We like an estimator to be, on average, equal to the parameter it is estimating. That is, we like estimators that are ** unbiased**, or equivalently, Bias(\(\hat{\theta}\)) = 0. You will show in the homework that the sample mean is always an unbiased estimator of the population mean \(\mu\). It can also be shown that the sample proportion is also an unbiased estimator of the population proportion.

The case of the sample variance is less straightforward. Given a sample of values \(x_1, x_2, \ldots, x_n\), the "plug-in" estimator of the population variance \(\sigma^2\) is

\(\hat{\sigma}^2 = \frac{1}{n}\displaystyle\sum^n_{i=1}(x_i-\bar{x})^2.\)

However, in Lab 1, we defined the sample variance as

\(s^2 = \frac{1}{n-1}\displaystyle \sum^n_{i=1}(x_i-\bar{x})^2,\)

which is computed in R using the function var(). Notice the difference between the two estimators, namely, the division by "\(n\)" versus "\(n-1\)". It turns out that the plug-in estimator \(\hat{\sigma}^2\) is biased, but the sample variance \(s^2\) is unbiased.

Let's explore this in the context of the standard normal distribution: \(N(\mu=0, \sigma=1)\). In this context, we know the value of the parameter we are estimating, namely \(\sigma^2 = 1\). So we know that in order for an estimator of \(\sigma^2\) to be unbiased, its expected value needs to equal 1. You will run a simulation in R to see how the two estimators, \(\hat{\sigma}^2\) and \(s^2\), perform. With the following code (already added to the lab notebook for you), you will draw random samples of size 15 from \(N(0,1)\). For each sample, you will compute \(\hat{\sigma}^2\) and \(s^2\) and record the values. You will repeat this 1000 times.

sample.var = numeric(1000) # object to store sample variances plugin = numeric(1000) # object to store plug-in estimates n = 15 # set sample size for (i in 1:1000) { x = rnorm(n) # draw a random sample of size n from N(0,1) population sample.var[i] = var(x) # compute and store sample variance of ith sample plugin[i] = ((n-1)/n)*var(x) # compute and store plug-in estimate from ith sample }

We can now investigate the results of the simulation by finding the mean for the estimates of \(\sigma^2 \) based on the two estimators \(\hat{\sigma}^2\) (plugin.var) and \(s^2\) (sample.var). We can also visualize the results using histograms.
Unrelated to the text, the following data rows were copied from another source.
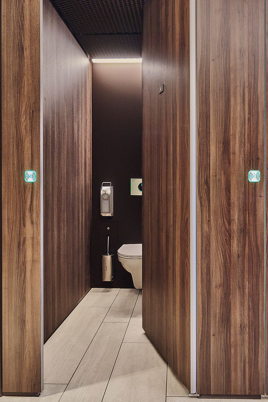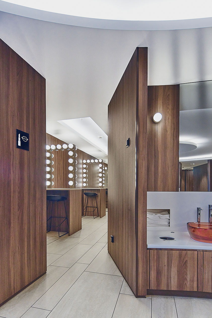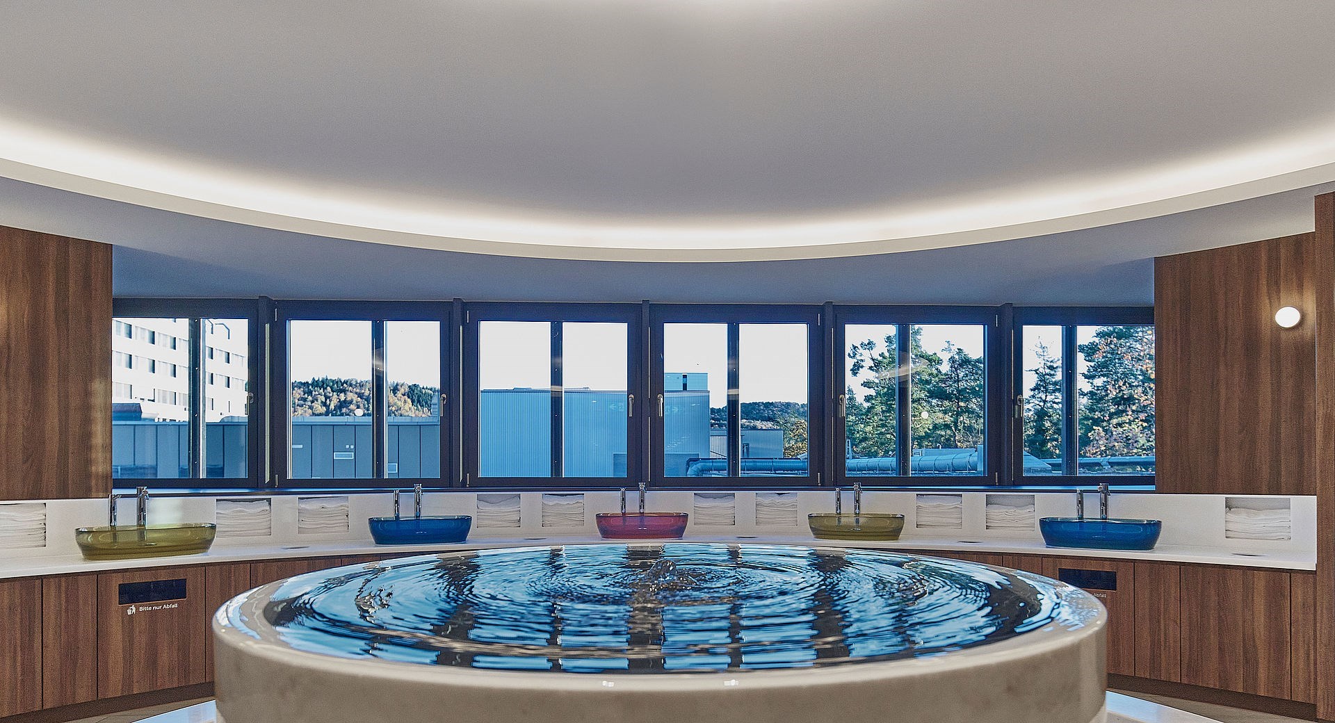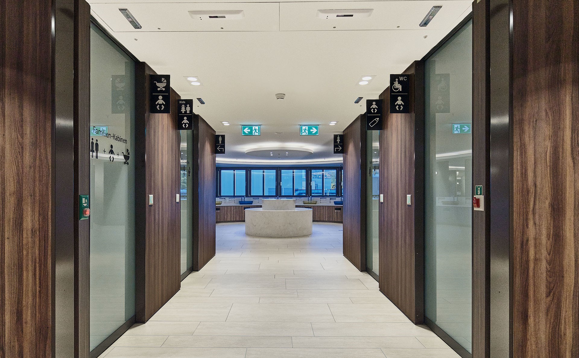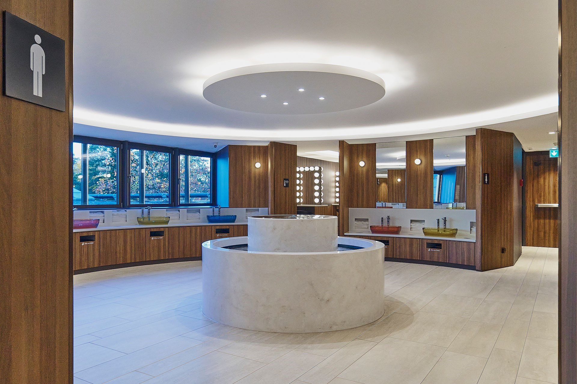 Het nieuwe ontwerp benadrukt de hoge standaard van het gebouw met zijn royale ruimte-indeling en vormentaal alsmede hoogwaardige materialen en sfeervolle verlichting. Tegelijkertijd werd door scheidingssystemen en intelligente structurering voor een hoge mate van functionaliteit gezorgd: Kleed- of familiekamers, een ruimte met make-upspiegels en een waterinstallatie in het midden van de ronde wasruimte zorgen voor een uitnodigende sfeer. Tegelijkertijd zorgen de eveneens robuuste en onderhoudsvriendelijke oppervlakken van de gebruikte houtmaterialen ervoor, dat de nieuwe sanitaire voorzieningen gemakkelijk schoon te houden en duurzaam aantrekkelijk blijven.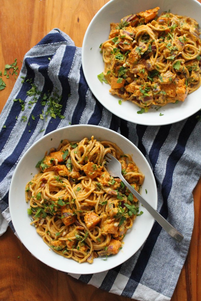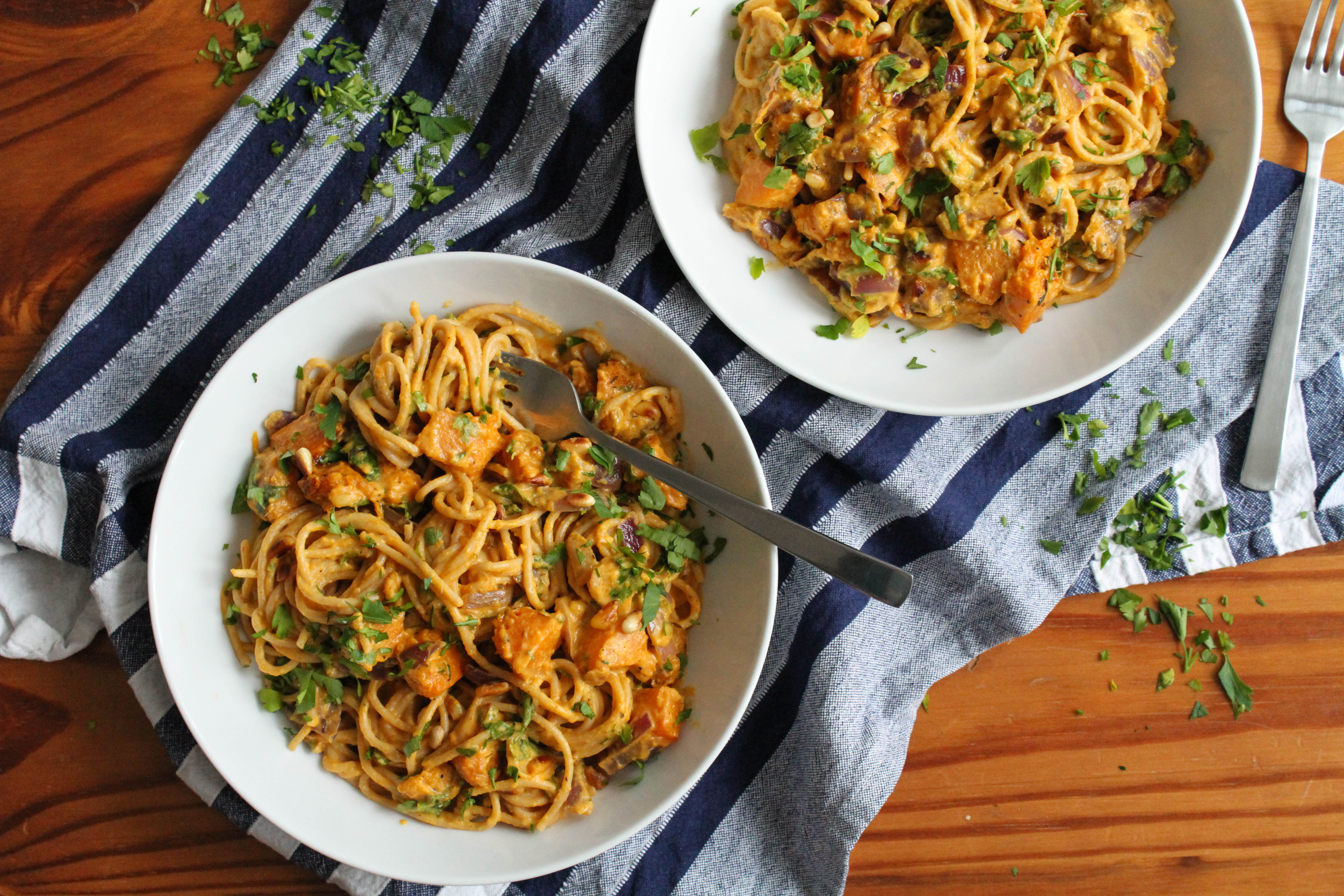 Who doesn’t love tucking into a huge bowl of pasta on a chilly evening? The butternut squash pasta sauce is so beautifully creamy, but the soft crunch of the pine nuts and red onion and the citrus, grassiness of the parsley cut through it beautifully. It’s easily made vegan, too.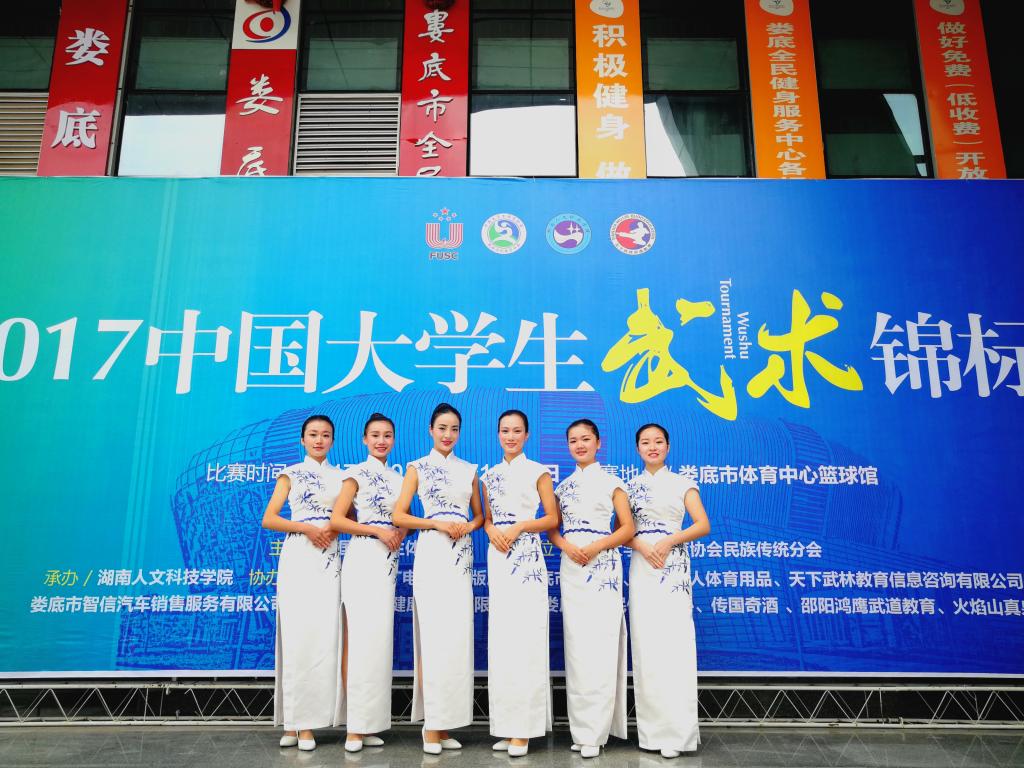 2017年10月2日至10月7日,由beat365承办的2017年中国大学生武术锦标赛在娄底市体育馆开赛,来自澳门大学、中国政法大学、中国计量大学、中山大学、厦门大学、暨南大学、浙江大学等全国86所院校的88支武术队共894名运动员参加此次赛事。经过激烈比拼,beat365武术队派出的10名运动员最终获得9枚金牌,6枚银牌,4枚铜牌及男女团体各第一名的优异成绩。此次赛事中,运动员的努力拼搏给人留下深刻印象,而由beat365文学院秘书学专业派出的15名礼仪天使也成为了比赛中另一道靓丽风景。
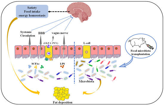 The mechanism of gut microbiota regulates pig fat deposition. Microbiota-derived metabolites such as SCFAs or lipopolysaccharide (LPS) affect satiety, food intake, or energy homeostasis directly via the vagus nerve (VN) or indirectly blood–brain barrier (BBB) and systemic circulation. L-cells are activated by these microbial metabolites through activation of different receptors, resulting in the production of gut hormones such as glucagon-like peptide-1 (GLP-1) and peptide YY (PYY). These intestinal hormones signal from the gut to the nucleus tractus solitarius in the brain via the VN and direct secretion into the circulatory system. Additionally, fecal microbiota transplantation (FMT), where fecal microbiota from a donor is transplanted into a recipient GI tract, has the potential to be an effective option to regulate fat deposition.
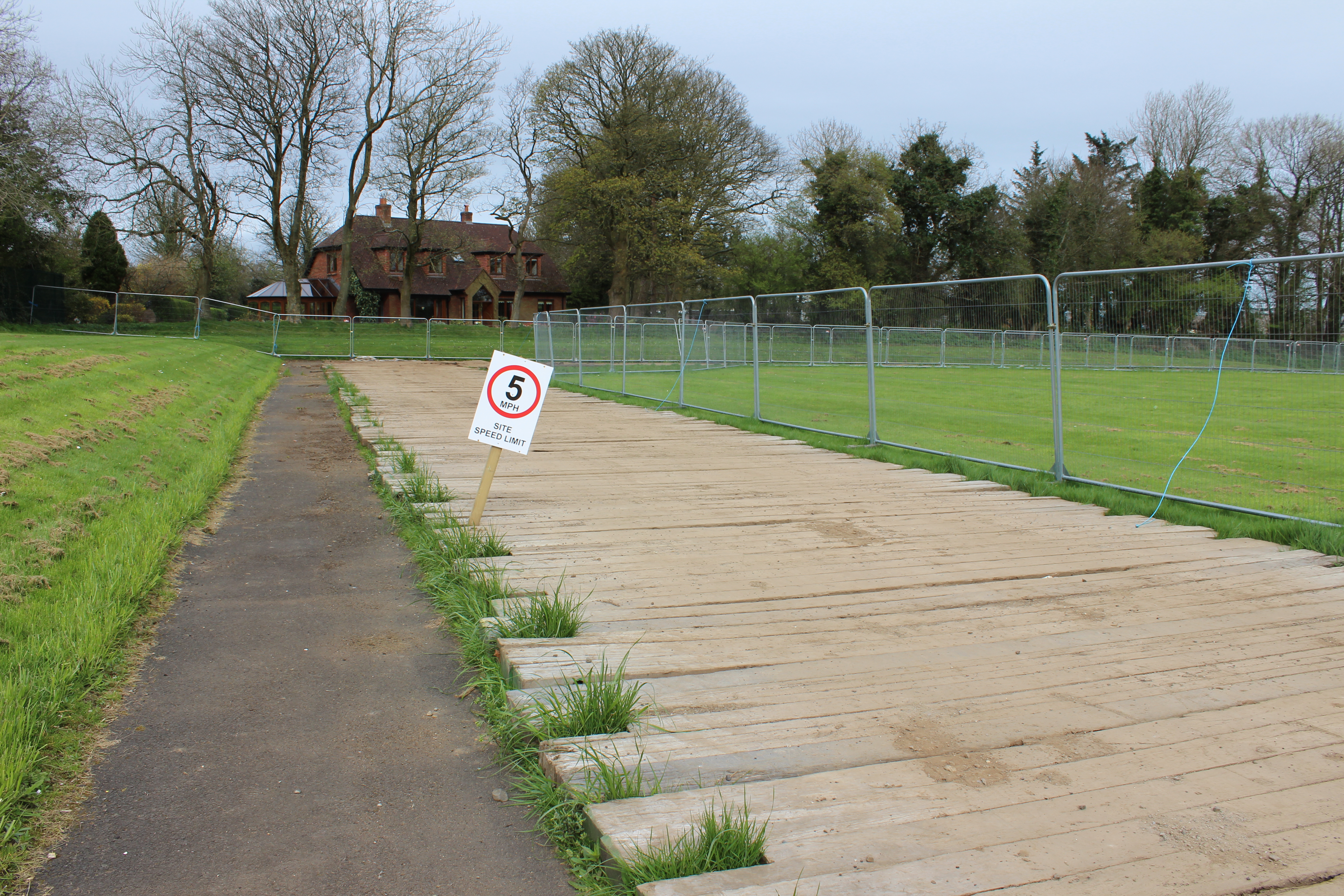 bogmats at Coleraine High School to drive 40 ton crane acroo football pitch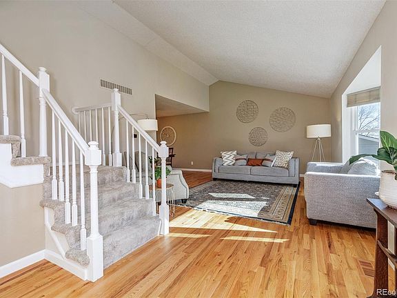 Great layout and updates in this sunny 2 story home with finished basement in desirable Cherry Creek Vista. The updated kitchen with abundant cabinetry, granite counters, and stainless appliances is open to the family room with fireplace and built in’s. On the other side of the kitchen is a formal dining room which accommodates a large table, and flows into the open vaulted light filled living room. French doors from the kitchen area open to a covered patio with private yard and mature landscaping. Convenient main level laundry includes a utility sink and extra storage; the main level is completed by an updated half bath. Fresh new paint and carpet complement the abundant hardwood flooring. Featuring 3 beds up: Owners Suite with walk in closet and updated bath, plus 2 additional bedrooms and an updated hall bath with granite counter and double sinks. The lower level is finished with a family room, bedroom/office (non conforming), another updated bath, and a storage room. Award winning Cherry Creek schools. Walk to parks and pools, easy access to I-25, I-225, as well as light rail. Move in ready, newer roof, windows, and HVAC! Showings start Friday, 9am, 3/17/23.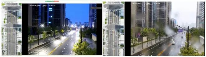 黑夜天和雨霧天車輛內(nèi)可獲取超視距感知畫面(右側(cè)為攝像頭視距內(nèi)畫面,左側(cè)為通感基站對(duì)道路全景的感知孿生)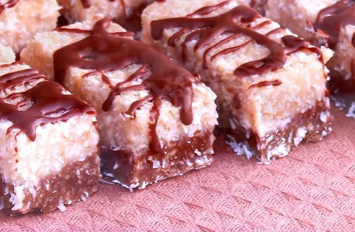 Ovaj svetli deo premazati preko tamnog i ostaviti u frižider da se stegne oko 2-3 sata. Seći štangle pa po želji preliti otopljenom posnom čokoladom ili posuti kokosom.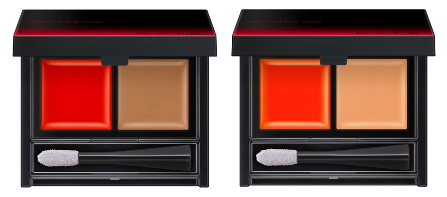クリームルージュ「レッドヌードルージュ」は、赤系1色、ヌード系1色の2色がセットになり、鮮やかな赤を下地として使い、ヌードカラーを上から重ねることで、自分にしっくりくる色が見つけられるという新発想のリップ。

_____________________________________________________

#### Pause for Reflection #3

- In your lab notebook, calculate the respective means for the 1000 samples of \(\hat{\sigma}^2\) and \(s^2\) you found with the simulation.
- Code has been provided in your lab notebook to create histograms of the simulated values for \(\hat{\sigma}^2\) and \(s^2\). Run the code chunk and answer the following: Do the results you found support the claim that \(\hat{\sigma}^2\) is a biased estimator of \(\sigma^2\) and \(s^2\) is unbiased? Why or why not?

_____________________________________________________

**Efficiency:** What happens when you have two estimators that are both unbiased? Which one should you use? The next property we consider, *efficiency*, provides a criterion for comparing unbiased estimators that depends on their variance.

Definition 3.2

If \(\hat{\theta}_1\) and \(\hat{\theta}_2\) are both unbiased estimators of \(\theta\) and \(\text{Var}(\hat{\theta}_1) < \text{Var}(\hat{\theta}_2)\), then \(\hat{\theta}_1\) is said to be more ** efficient** than \(\hat{\theta}_2\).

We will again explore this property with a simulation, this time in the context of the uniform distribution on the closed interval [0,\(\beta\)].

At the start of lab, we will find the ** method of moments estimator** for \(\beta\) to be \(\hat{\beta}_1 = 2\bar{X}\), i.e., twice the mean of a given sample. It can be shown that this estimator is unbiased (a fact we will prove later). Using maximum likelihood estimation, we can find another unbiased estimator of \(\beta\) given by \(\hat{\beta}_2 = ((n+1)/n)X_{\text{max}}\), where \(X_{\text{max}}\) denotes the largest value in a random sample (it is referred to as the

*largest order statistic*).

Use the following code (already provided in your lab notebook) to run a simulation to see how these two estimators perform in the specific context of drawing random samples of size 25 from uniform [0,12].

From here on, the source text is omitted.